The whole video was shot in one day, which is really impressive given the sheer amount of shit going on – presumably circus performers are pretty good at doing their own makeup and stuff like that, which would be a timesaver. It was shot in a farmhouse in Santa Clarita, California, that had previously been used as a location in Rob Zombie’s gorefest The Devil’s Rejects. However, in a non-Californian twist, it was freezing – fine for band members in baroque three-piece suits, less so for half-naked circus performers.
Some of the circus performers used a fairly tried-and-tested yet medically inadvisable method for keeping warm: the beer jacket. “It’s difficult to catch in the video — and even I didn’t realise it until we were done filming — but half of the bride’s side of the wedding is completely drunk in the video,” director Drake told MTV. “They snuck flasks in and were drinking to stay warm. I would’ve been pretty pissed at them if I’d known.
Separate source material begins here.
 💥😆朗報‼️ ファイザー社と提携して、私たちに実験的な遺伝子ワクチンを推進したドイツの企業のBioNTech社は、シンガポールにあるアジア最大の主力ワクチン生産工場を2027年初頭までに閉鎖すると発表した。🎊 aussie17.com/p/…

I found out later that one of them almost threw up on my wife.”
‘Poise and rationality’, with a kind of double meaning if heard as “poison rationality”, is just not the kind of verbiage one expects from a band of actual children. Being able to match catchy-ass tunes, really compelling theatricality, a unique image and weirdly intricate, world-weary lyrics while too young to buy a Kronenbourg is pretty flippin’ impressive.
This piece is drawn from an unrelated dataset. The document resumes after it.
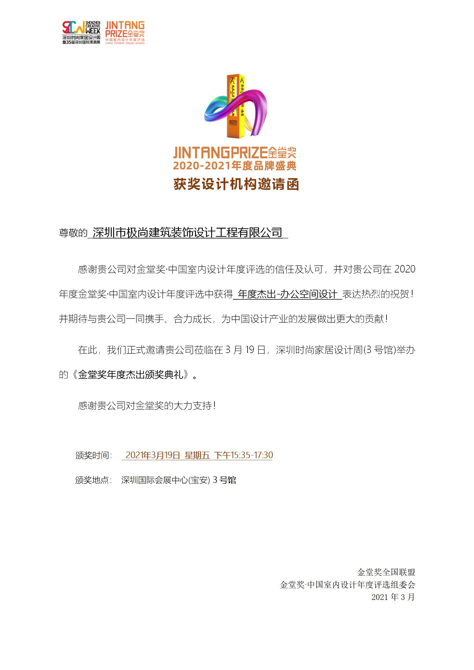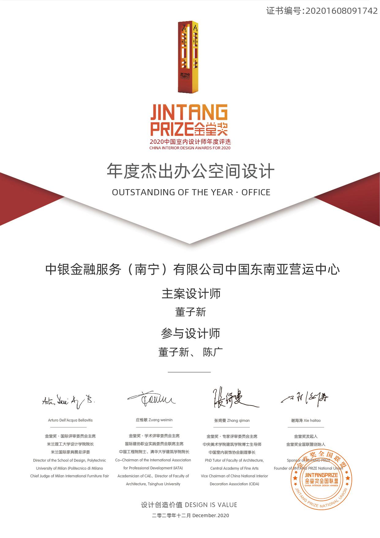 恭喜极尚中银金融服务(南宁)有限公司中国东南亚营运中心项目喜获金堂奖!

This is one of enormous pop star Taylor Swift’s favourite songs. In 2019, she wrote about it: “When I hear I Write Sins Not Tragedies by Panic! At The Disco, I’m transported back to being 16 and driving down the streets of Hendersonville, Tennessee, with my best friend Abigail, euphorically screaming the lyrics.” Swift recruited Urie to write with her, resulting in the song Me!, which ended up as, among other things, the quickest music video to ever reach 100 million views.
It’s your wedding, yo. That’s just rude.
Imagine really feeling like shit but also being surrounded by clowns. Unthinkable.
YouTube ruins the video from this point onwards with pop-up nonsense, but Urie’s role as the groom’s subconscious is revealed – it’s now the groom wearing that badass ringmaster gear.
And with a tipped hat and some brief but impressive sub zero circussing, there we are. A justified winner of the Best Video award at the MTV Video Music Awards, a star-making turn from Urie and instant global superstars. Not bad for a day of pratting about in a chilly barn!